L'eau de mer, contrairement à l'eau douce, présente de nombreux inconvénients. (Difficile à appréhender, l'électrolyse ou corrosion galvanique s'attaque aux métaux. Ce phénomène électrochimique qui aboutit à une oxydation rapide des pièces en métal, donc à leur destruction).
Sans dépendance à l'eau, le stockage des Enr avec l'air comprimé pourrait permettrait la désalinisation de l'eau de mer 24h24 à un prix plus compétitif qu'avec n'importe quelle autre énergie.

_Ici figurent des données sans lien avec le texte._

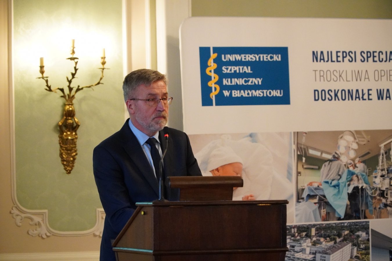 W imieniu władz rektorskich Uniwersytetu Medycznego w Białymstoku jubileuszowe gratulacje złożył Prorektor ds. Klinicznych i Szkolenia Zawodowego, prof. dr hab. Janusz Dzięcioł. „Minione lata to okres ogromnego rozwoju USK w Białymstoku, zarówno pod względem infrastruktury jak i liczby udzielanych świadczeń zdrowotnych, dzięki któremu Szpital stał się placówką o wysoko specjalistycznej działalności leczniczej, odgrywającą kluczowe znaczenie dla ochrony zdrowia mieszkańców regionu. Na kolejne lata proszę przyjąć życzenia wielu dalszych osiągnięć i stałego rozwoju Szpitala. Panu zaś i wszystkim Pracownikom USK życzę wielu sukcesów zawodowych i wszelkiej pomyślności w życiu osobistym” – przekazał w imieniu JM Rektora UMB, prof. dr hab. Adama Krętowskiego, Prorektor prof. dr hab. Janusz Dzięcioł.

L'air comprimé est la seule énergie à n'avoir aucune incidence sur le réchauffement. Et et la seule énergie qu'on peut utiliser dans tous les processus industriels, sans produire de pollution ou avoir d'impact sur le réchauffement.
S'intéresser au stockage par air comprimé ,c'est avoir une chance de réduire le réchauffement qui nous menace tous ! Soit directement par l'augmentation de la température de l'atmosphère ! Soit indirectement par les effets de la chaleur sur la transformation du climat et des catastrophes qui lui sont liées . De ce fait personne n'est à l'abri.!
Quand je pense qu'on dépense des milliards pour faire des COP qui ne servent à rien, et que l'Etat Français est incapable de mettre quelques millions dans une étude de projet. On peut désespérer des prétendues élites qui nous gouvernent !
Ce qui est dommage avec les projets de STEP actuels et aussi et surtout avec la façon dont ils sont mentionnés pour le "Grand Public" est leur vocation unique - ie : uniquement énergétique !!!
Et pourtant les STEP amènent énormément que ce soit en service système pour un réseau avec des machines tournantes en pompage et surtout en turbinage d'une part, mais aussi (comme pour El Hierro et Ikaria) des usages de stockage d'eau en des lieux où celle-ci manque une partie de l'année ! Faire d'un coté des retenues collinaires (ou des méga-bassines) pour stocker de l'eau et d'un autre des STEP n'auraient pas de sens. Faire les 2 ensemble en a... Et cela risque d'être l'avenir avec le développement massif des ENRi...
Le tout sans-parler que depuis 2022, l'humanité est devenue majoritairement "aquacole" pour les produits de la Mer. Les prises de pêche diverses sont inférieures en volume aux tonnages de l'aquaculture... Des STEP Marines bien conçues peuvent permettre de l'Aquaculture marine en bien des lieux et du coup conférer de multiples usages à des STEP marines bien conçues...
(Nota : Le Déficit commercial de la France pour les produits de la mer fut de l'ordre de 6 milliards d'Euros il y a peu et en tendance s'aggrave d'années en années... Sans parler du déficit créé par les surproductions des ENRi à certaines heures avec les prix de marché... Quelques STEP ne résoudront pas ces problèmes mais les résorberont un peu, le tout avec une "fabrication" locale, non délocalisable et sans impact extérieur!)
Les steps peuvent en fait être construits partout, même en plaine où il suffit de creuser deux bassin dont l'un plus profond que l'autre (le bassin inférieur)
Surtout avec du Quoi qu'il en coute à gogo...
Exploiter un ancien "trou" de carrière ou de mine, cela est envisageable et à envisager (vu les prix de marché aux heures de plein soleil...). Faire un trou en plaine pour faire une STEP, le cout sera astronomique et pour avoir des volumes à l'échelle des besoins actuels, c'est juste du délire...
De plus les machines hydrauliques "préfèrent" marcher à des pressions relativement constantes donc un dH/H<10% est souvent requis (avec H la hauteur moyenne de "chute" d'eau...). Bon courage en plaine avec des trous faits à cet effet...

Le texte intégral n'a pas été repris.